XGBoost-JVM Funny Results

sipal · October 14, 2019, 6:10am

Dear XGBoosters,

I have a dataset with about 35 columns. Some are categorical (like the GenderColumn has values for Male, Female and missing denoted by NA, another categorical column is MaritalStatus with values as withSpouse, noSoupse and missing denoted by NA, etc…). The continuous value variables, the missing data is represented by NaN.

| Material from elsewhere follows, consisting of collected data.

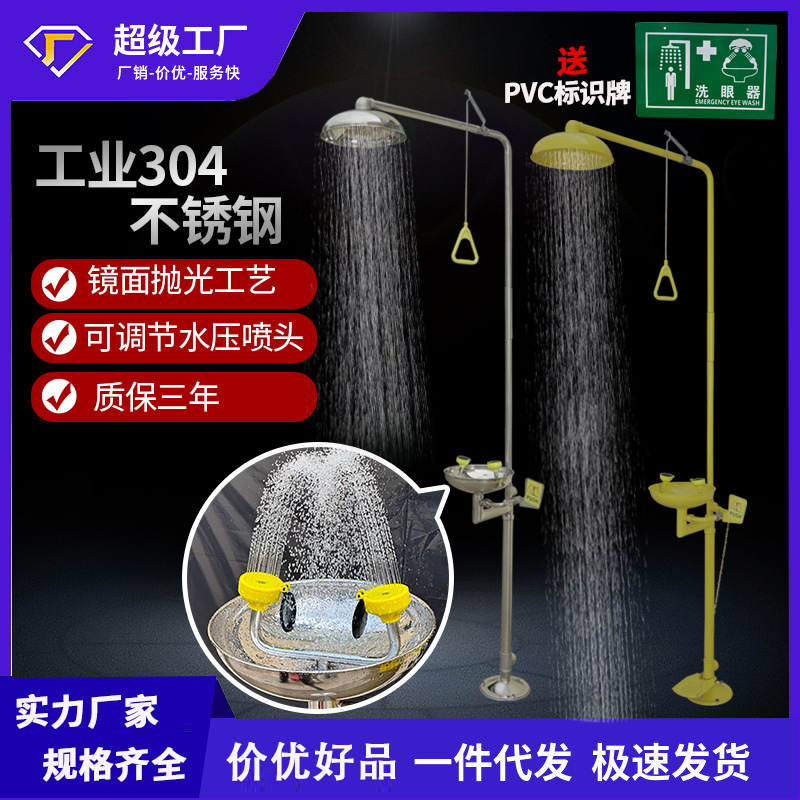 メーカー直販検査工場304ステンレス複合式緊急シャワーシャワー縦型洗眼器本尚
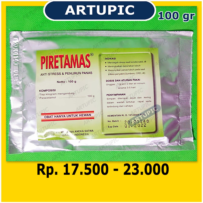 | PIRETAMAS 100 gram Untuk mencegah stress pada ayam saat kondisi sakit, dapat meningkatkan daya tahan tubuh dan menurunkan panas tubus saat terinfeksi penyakir seperti gumboro CRD atau lainnya. lNDlKASl = - Mencegah stress saat kondisi sakit - meningkatkan daya tahan tubuh - menurunkan panas tubuh pada saat infeksi penyakit (gumboro, CRD, dll) KANDUNGAN per Kg = Paracetamol 100gr Vitamin C 200gr Sorbitol 700gr ATURAN PAKAI dan DOSIS = diberikan lewat air minum unggas : 1gr/ ltr air minum selama 3-5 hari berturut-turut. PERHATIAN = .+ Simpan obat ditempat sejuk dan terlindung dari sinar matahari. .+ Harus dengan resep dokter hewan. .+ Obat hanya untuk hewan KEMASAN = Sachet @100gr (1 ember isi 100 sachet @100 gram) Produsen = PT. Mensana Aneka Satwa #piretamas #antistressayam #kekebalanayam #infeksiayam #gumboro #crd #paracetamol #obathewan #mensana #artupic #obatayam #obatternak #obatunggas #ayam #ayammerah #ternak #hewan #hewanpeliharaan #hewanpiaraan #hewanternak #peternakan #peternak #perlengkapanhewan #keperluanhewan #hewanternak |
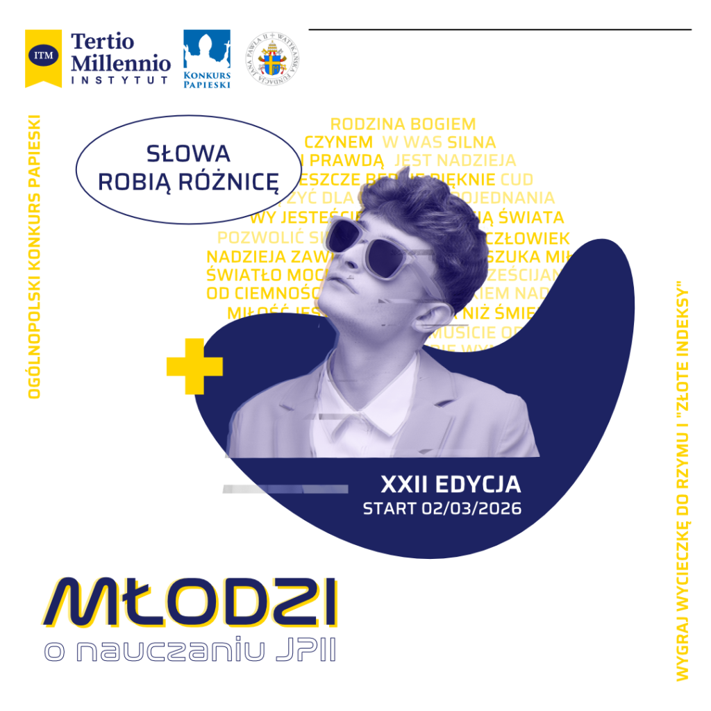 Konkurs Papieski to największy w Polsce projekt poświęcony nauczaniu Jana Pawła II, organizowany przez Instytut Tertio Millennio od ponad dwóch dekad. Jego celem jest przybliżanie młodzieży twórczości oraz biografii intelektualnej Papieża. Tegoroczna edycja odbywa się pod hasłem „Słowa robią różnicę”, zachęcając uczestników do refleksji nad odpowiedzialnością za słowa, znaczeniem dialogu, etyką komunikacji oraz rolą słowa w głoszeniu prawdy.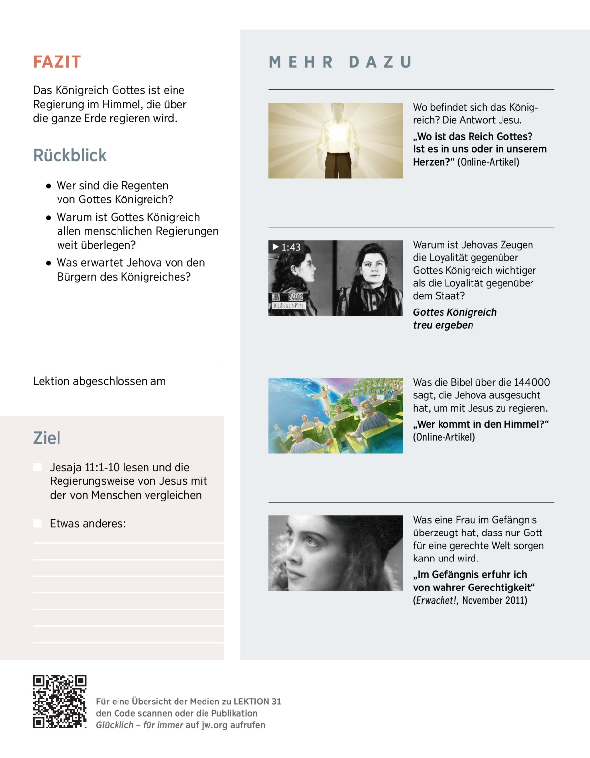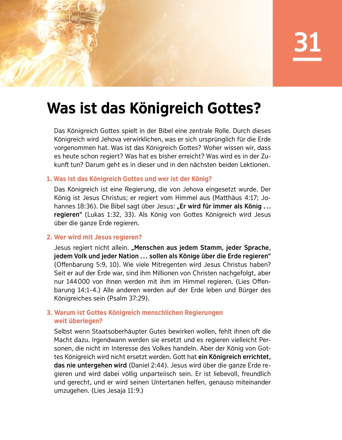 Das Königreich Gottes spielt in der Bibel eine zentrale Rolle. Durch dieses Königreich wird Jehova verwirklichen, was er sich ursprünglich für die Erde vorgenommen hat. Was ist das Königreich Gottes? Woher wissen wir, dass es heute schon regiert? Was hat es bisher erreicht? Was wird es in der Zukunft tun? Darum geht es in dieser und in den nächsten beiden Lektionen.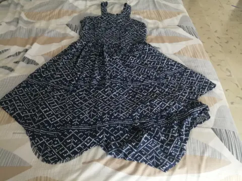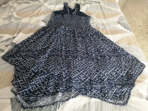 Vestido azul. Hermoso vestido desigual, tela de algodón, resorte en la parte trasera, talla grande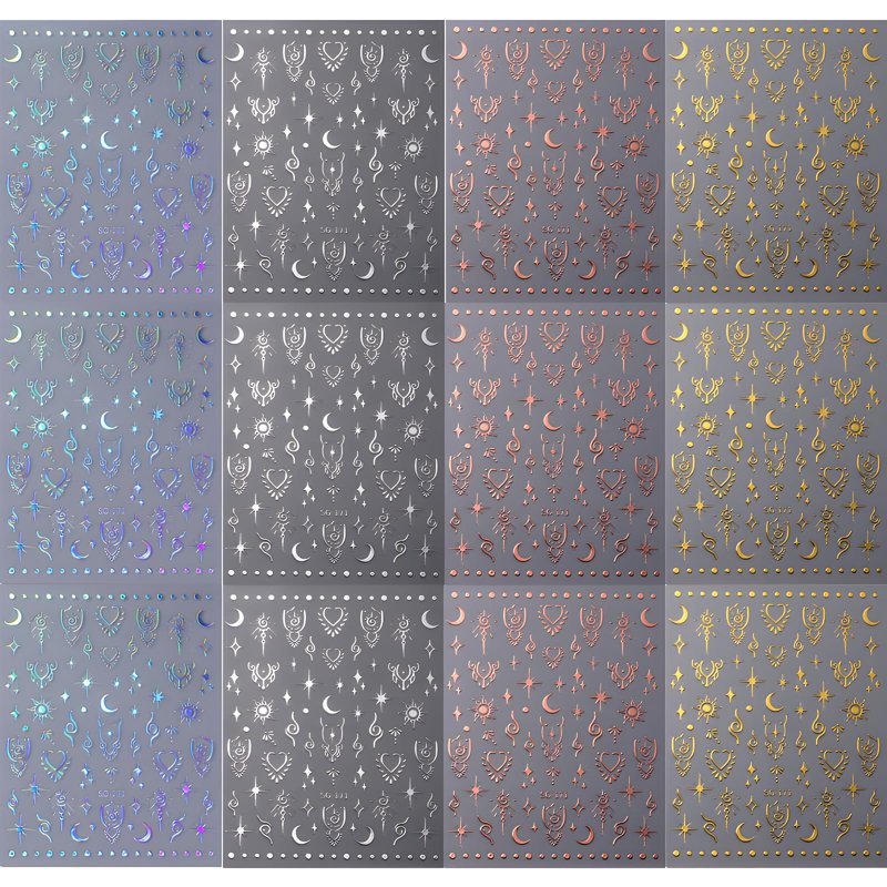 SPLOCUDU 12 Sheets Star Nail Art Stickers 3D Self-Adhesive Nail Decals Silver Aurora Gold Moon Nail Stickers for Nail Art Design Decoration Accessories for Women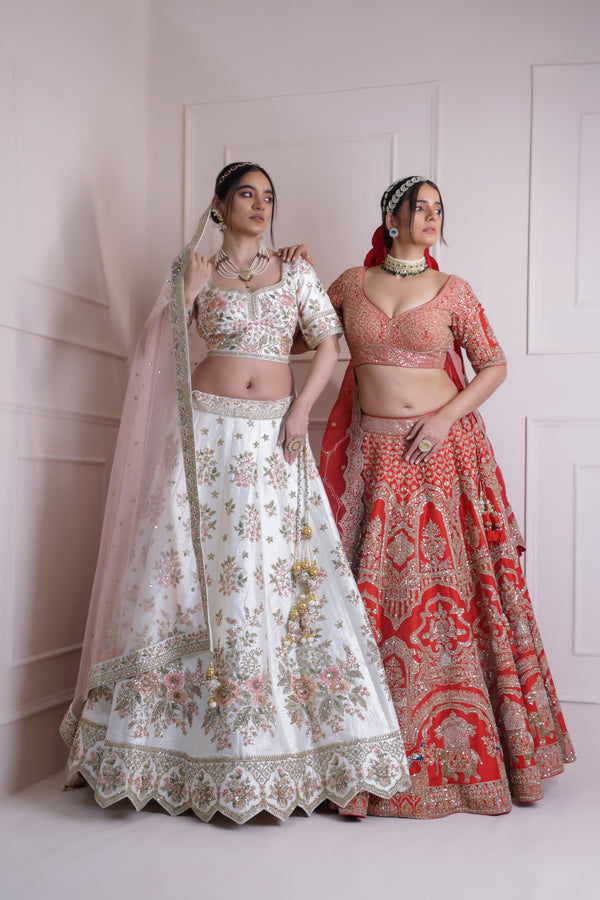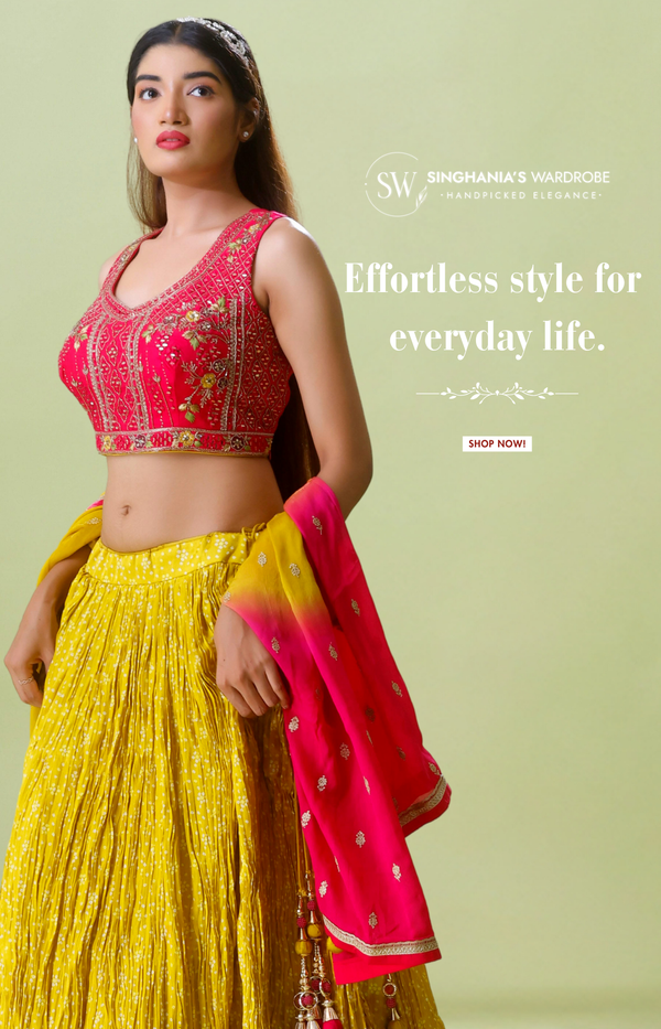 You can easily book a video call with Singhania's Wardrobe, where our team will help you pick and choose your lehenga.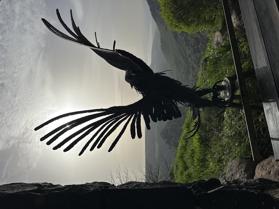 - "The image presents a large, dark metal sculpture of a bird with outstretched wings, silhouetted against a bright, cloudy sky" by FM-TTjlL2, licensed under CC BY 4.0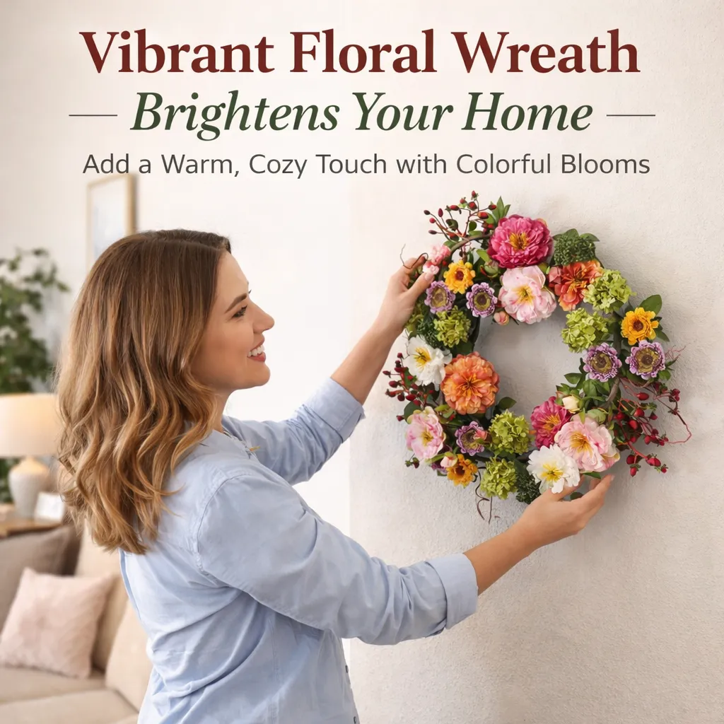 Whether hung on your front door, wall, window, or above a fireplace, this wreath creates a warm, welcoming atmosphere that feels both stylish and timeless.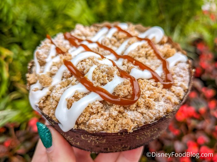 - Apple Caramel Crumb Cake (New) — $4.75, Disney Dining Plan Snack Credit Eligible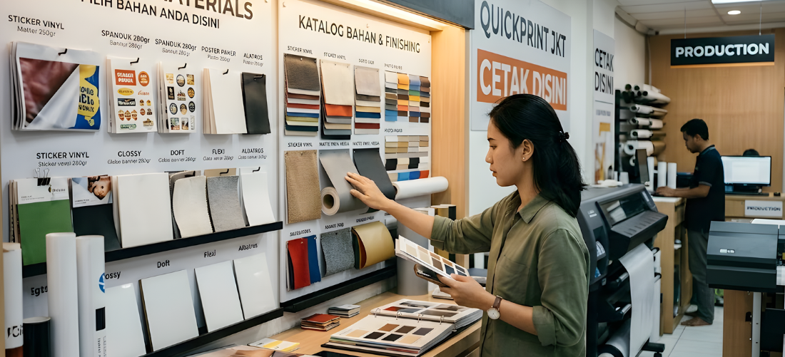 Pemilihan bahan harus menyesuaikan fungsi dan lokasi pemakaian. Untuk luar ruangan, flexi 340gsm lebih tahan angin dan cuaca. Untuk label produk minuman, sticker vinyl atau transparan lebih awet. Untuk tampilan premium seperti display mall atau booth event, acrylic memberikan kesan elegan dan profesional.

I transformed this file (with 35 columns, which has both categorical & continuous) into a LibSVM file format. The categorical columns were encoded in one-hot encoding. The continuous columns, the missing data were written as NaN in the LibSVM format. The DMatrix class, threw an error reading this LibSVM file format (that has the NaN representing the missing values in those continuous columns). Because of the error, I reformatted this LibSVM but replace the NaN with zero, which means that the final LibSVM file, skips the zero. The DMatrix can now parse & read this LibSVM file into memory, which it was split into trainSet and testSet in a 80/20 split.

I simply follow the example in the XGBoost main page here, below, but using my own data. I haven’t changed any parameters, etc. My target is a continuous variable, so I’m doing regression.

https://xgboost.readthedocs.io/en/latest/jvm/java_intro.html

I selected certain variables to be dropped/eliminated from the 35 original variables and re-run again. The problem is, I eliminate one by one certain variables I thought that their exclusion would increase the NRMSE. I noted that the NRMSE is the same when I ran 35 variables, 34 variables, 33 variables, 32 variables, …, down to 12 variables, still the NRMSE is the same at around ~ 86.22%

Does anyone has a tip of what is going on here? I thought that as the number of variables changes, then the NRMSE should change, but that is not the case.

Any tips would be much appreciated.

Cheers.